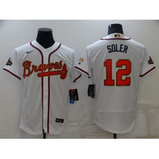 Men's Atlanta Braves #12 Jorge Soler White 2022 Gold Program Authentic Player Jersey
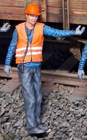 Miniatur Figur: Arbeiter am Gleis - Eisenbahner/ Bauarbeiter D (Nr. 390) - 1:10
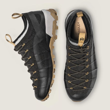 またシームレスシューズの弱点である耐久性を補強材として耐摩耗性に優れたTPU(熱可塑性樹性ポリウレタン)を採用することで解決し、“NAGLEV”のブランド名に恥じない機能的でスタイリッシュなアウトドアフットウェアが完成。
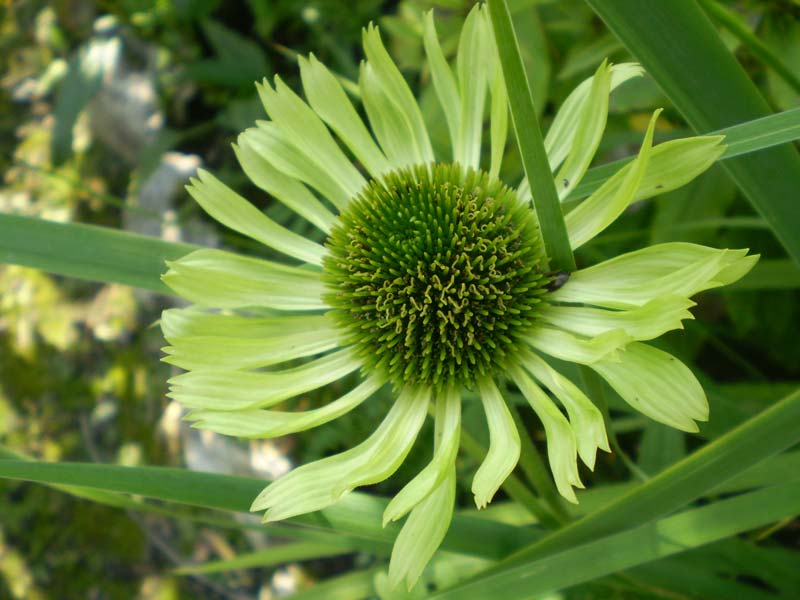 Эхинацея пурпурная Green Jewel - многолетнее растение высотой до 1 м. Листья темно-зеленые, шершавые, прикорневые, длинночерешковые, широкоовальные, по краю - зубчастые; стеблевые - сидячие, ланцетные. Цветки с темно-зеленой серединкой, окруженой светло-зелеными лепестками, собраны в соцветия-корзинки. Цветет сорт с июля по сентябрь. Растет быстро.

(BRIEF): Print the material in full and exactly, minus the pictures.

(TASK OUTPUT):
 Men's Atlanta Braves #12 Jorge Soler White 2022 Gold Program Authentic Player Jersey
 Miniatur Figur: Arbeiter am Gleis - Eisenbahner/ Bauarbeiter D (Nr. 390) - 1:10
 またシームレスシューズの弱点である耐久性を補強材として耐摩耗性に優れたTPU(熱可塑性樹性ポリウレタン)を採用することで解決し、“NAGLEV”のブランド名に恥じない機能的でスタイリッシュなアウトドアフットウェアが完成。
 Эхинацея пурпурная Green Jewel - многолетнее растение высотой до 1 м. Листья темно-зеленые, шершавые, прикорневые, длинночерешковые, широкоовальные, по краю - зубчастые; стеблевые - сидячие, ланцетные. Цветки с темно-зеленой серединкой, окруженой светло-зелеными лепестками, собраны в соцветия-корзинки. Цветет сорт с июля по сентябрь. Растет быстро.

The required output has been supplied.